What You Should Know:
– Biostate AI, an innovator at the intersection of artificial intelligence and RNA sequencing raises $12M in Series A funding spearheaded by Accel, with participation from Gaingels, Mana Ventures, InfoEdge Ventures, and existing investors Matter Venture Partners, Vision Plus Capital, and Catapult Ventures. This brings the company’s total funding to over $20M.
– The newly acquired funds will be pivotal in advancing Biostate AI’s mission to unlock affordable and integrated precision medicine, beginning with the widespread accessibility of RNA sequencing (RNAseq) services for US-based molecular research.
– The company aims to develop clinically relevant predictive models, laying the groundwork for truly personalized therapeutics.
Unlocking the Transcriptome: A New Frontier in Precision Medicine
Founded by former professors and repeat entrepreneurs David Zhang (CEO) and Ashwin Gopinath (CTO), Biostate AI operates on the principle that the entire RNA transcriptome – the full range of RNA transcripts in a cell – is an underutilized real-time biomarker for human health. Until now, the comprehensive and simultaneous analysis of all these transcripts has been hampered by significant cost and analytical barriers. Biostate AI aims to eliminate these bottlenecks, envisioning a “one-stop shop” for precision medicine by making RNAseq significantly cheaper and more effective.
Overcoming Traditional RNAseq Limitations with AI and Innovation
Conventional RNA sequencing faces several key challenges that Biostate AI is engineered to solve:
- High Cost: It’s expensive, limiting the scale of research for many labs, especially as research budgets tighten. Biostate has developed patented biomolecular technologies (BIRT and PERD) that reduce the cost of turning tissue samples into RNAseq data by nearly an order of magnitude, effective on both fresh and decades-old tissues. This allows researchers to process 2-3 times more samples within existing budgets.
- Data Aggregation Issues: Combining datasets from various research sites often introduces “batch effects” – noise that can obscure subtle clinical signals. Biostate’s lower internal costs facilitate the collection of millions of consented, de-identified RNAseq profiles globally, creating a massive dataset to train sophisticated generative AI models.
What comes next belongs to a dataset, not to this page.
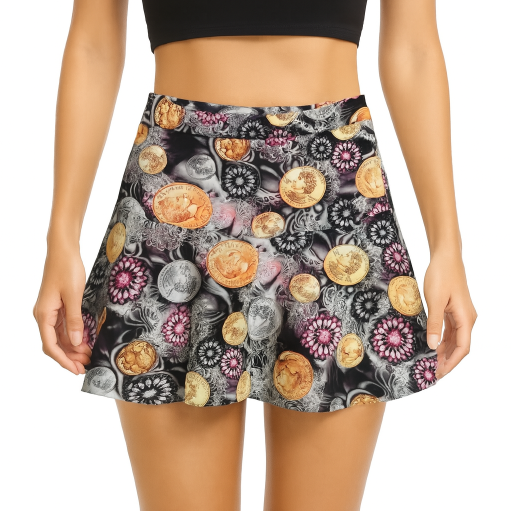 Y2K vintage mini suknja u M veličini, sa zanimljivim printom medaljona i floralnih motiva u crno-sivoj bazi sa akcentima u zlatnim, srebrnim i rozim tonovima.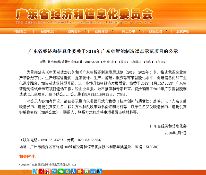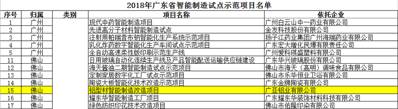 喜讯:ballbet贝博铝业入选2018年广东省智能制造试点示范项目企业

- Lack of Standardization & Vendor Siloing: Inconsistent methodologies across studies make data comparison difficult, and reliance on multiple specialized vendors leads to communication breakdowns and slower workflows. Biostate’s unified workflow standardizes experiments, enabling its AI to consistently learn the “grammar of biology” without confounding batch effects. This also allows for the extraction of meaningful signals from smaller, clinically labeled cohorts to fine-tune models.
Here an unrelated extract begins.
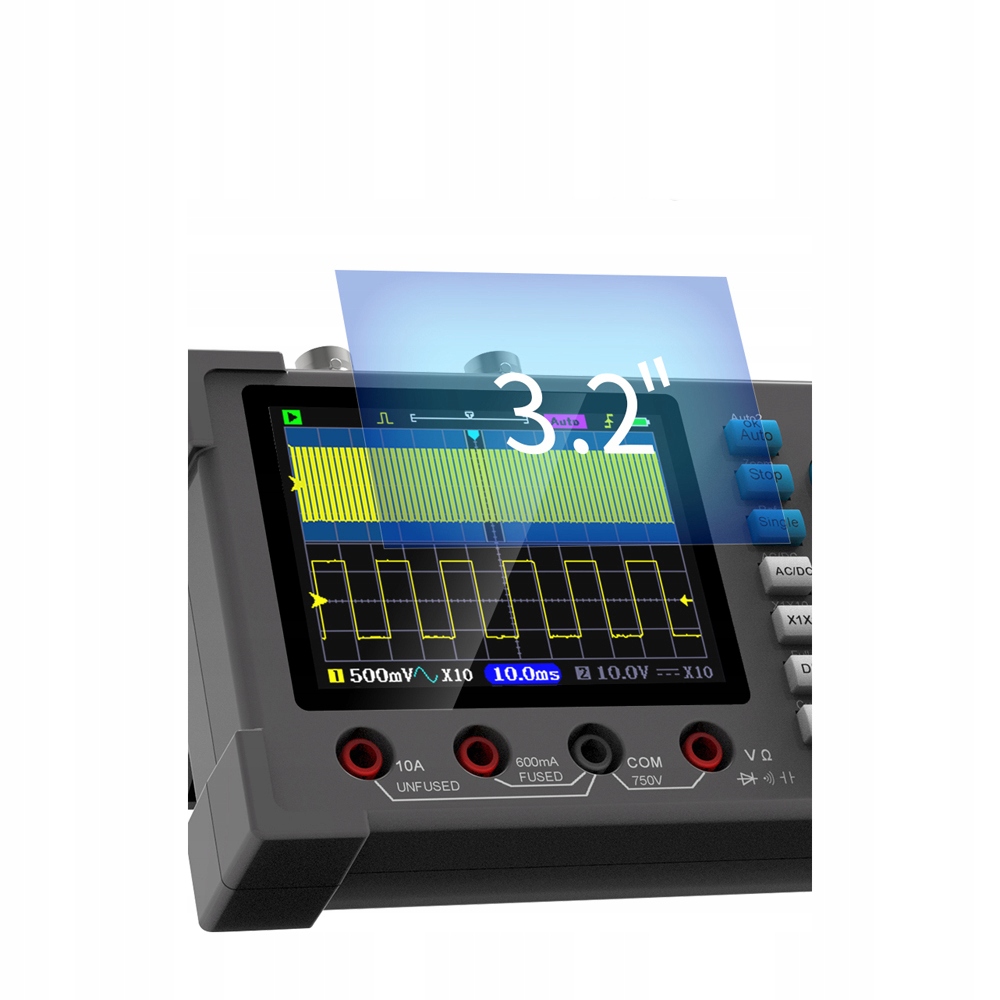 【Дизайн 3 в 1 с IPS-дисплей 】: Этот продукт блестяще объединяет функции цифрового осциллографа, мультиметра и генератора сигналов в одном устройстве. 3,2-дюймовый IPS-дисплей с четким разрешением, полным обзором и высокой чувствительностью, сигналы канала 2 можно установить на зеленый/голубой/фиолетовый цвет.

Towards General-Purpose AI for Understanding and Curing Disease
While Large Language Models learn from text, Biostate’s AI models identify gene expression signatures correlated with specific disease states and treatment responses. This enables the detection of subtle molecular changes that may precede clinical symptoms by weeks, months, or even years, facilitating earlier intervention.
“Rather than solve the diagnostics and therapeutics as separate, siloed problems for each disease, we believe that the modern and future AI can be general purpose to understand and help cure every disease,” said David Zhang, co-founder and CEO of Biostate AI, and former Associate Professor of Bioengineering at Rice University. “Every diagnostic I’ve built was about moving the answer closer to the patient. Biostate takes the biggest leap yet by making the whole transcriptome affordable.”
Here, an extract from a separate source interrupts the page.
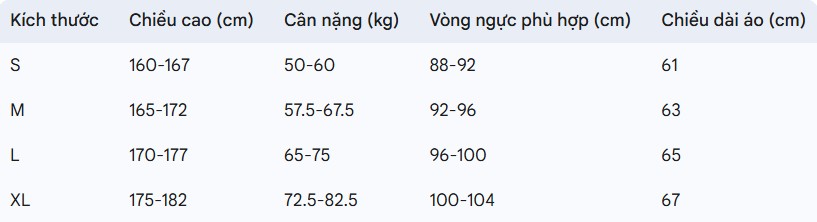 Bảng size Nam:

Early Traction and Future Expansion
The AI developed from this wealth of RNAseq data is intended to better inform clinicians of optimal treatment decisions. Biostate has already achieved internal proof-of-concept success in predicting disease recurrence in human leukemia patients and plans to expand collaborations with clinical partners in oncology, autoimmune disease, and cardiovascular disease.
Since commercializing its offering just two quarters ago, Biostate has processed RNAseq for over 10,000 samples from more than 150 collaborators and customers at leading institutions, including pilot projects for leukemia with Cornell and multiple sclerosis with the Accelerated Cure Project. The startup has also secured agreements to process several hundred thousand unlabeled samples annually, rapidly accelerating its dataset growth and AI development capabilities.